The beef industry is facing a supply crisis as liquidation of our nation’s cow herd has now reached a critical stage. American ranchers have been forced to cull their herds to the point that it will have implications for years to come and may speed consolidation throughout every industry sector.
The U.S. cattle herd, including dairy cows and beef animals on feedlots and ranches, totaled 100 million head as of July 1, the fewest at that time of year since at least 1973, the USDA said July 22.
As of July 1, the U.S. feedlot herd of beef cattle totaled 10.451 million head, up 3.8% from a year earlier, the USDA said in a report July 22, as drought forced ranchers to sell more livestock.
Beef producers are culling cows and young females, which means smaller supplies for the next two years or longer, according to Steve Kay, the publisher of Cattle Buyers Weekly, a trade magazine based in Petaluma, California. The cattle and calf herd next year may fall to the lowest since 1952, increasing costs for meat processors including Tyson Foods Inc. and Cargill Inc., he says.
The drought is drying up hope for rebuilding the beef herd this year or next. Hay is in short supply and prices are running high. The herd liquidation is increasing. The falling cattle herd is going to put more stress on the cattle-processing industry. Beef is going to continue to be more expensive for U.S. consumers.

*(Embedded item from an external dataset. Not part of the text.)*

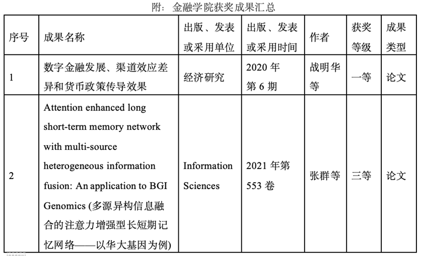 我院科研立项数和优秀科研成果稳中有进。学院教师本年度立项国家自然科学基金项目3项、教育部人文社科基金项目1项;在《经济学季刊》《管理科学学报》《金融研究》《世界经济》等高档次刊物发表论文70余篇。其中,姚海祥教授的论文1篇在金融学科国际一流期刊Journal of Banking and Finance上发表。我院张浩教授、杨菁菁教授以及刘浩副教授与展凯教授合作的论文各1篇分别获评第十届中国金融管理年会优秀论文特等奖、一等奖及三等奖。

Feedlots also are accelerating sales to meatpackers, which will ultimately result in lower beef supplies and may send cattle to a record by the fourth quarter, says Don Close, a market director with the Texas Cattle Feeders Association in Amarillo.
“Sale-barn receipts for cows and calves have been extremely heavy because guys are out of feed or out of water and don’t have a choice but to sell their cattle,” Close says. “It’s going to make a tight supply even tighter, as we get down the road.”
The U.S. Department of Agriculture’s mid-year cattle inventory report put the total U.S. herd at a record-low 99.96 million cattle and calves, down 1.4% from 2010 and the lowest mid-year inventory since 1973 when the government first started compiling a July 1 figure. The report also pegged the number of all cows and heifers that have calved at 40.6 million, down about 1% from last year. The report estimates the 2011 calf crop at 35.5 million head, down 1% from 2010.
While we’re reducing our cow herd, cattlemen have been increasing the number of cattle on feed and we’re producing more pounds of beef. In other words, we’re in a transition phase — we’re sending cattle into the supply chain at the same time we’re closing the factory. That’s not a sustainable situation.
Cattle numbers have been declining for about five years, and the causes of our industry’s liquidation crisis are not a mystery. Oil prices skyrocketed in 2008, driving corn and other feed grain prices dramatically higher. The world-wide recession that began that same year also played a large role in limiting beef demand and forcing cattlemen to shift into survival mode.
It seemed recovery was on the horizon, then the drought hit. Ranchers throughout the Southwest have been in a forced-liquidation phase for much of 2011, and there is no end in sight. The cattle inventory is critical because the industry already operates under the pressure of excess capacity. Nationally, feed yards are at about 68% of capacity. In other words, at least 30% of the pen space remains idle. Packing companies also have excess capacity, and they have closed plants and shortened processing hours in recent years as a result of that over-capacity.
Smaller inventories will support prices for all cattle and calves in the short-term. Industry analysts believe beef demand remains strong, even as our nation’s economy struggles to recover. Yet, the dwindling inventory can have significant long-term repercussions. The declining supply of feeder cattle causes ripple effects down the chain that go beyond just filling feedlot pens and packer shackle space. Short supplies create an impact on retailers, too, and may ultimately affect consumer buying habits.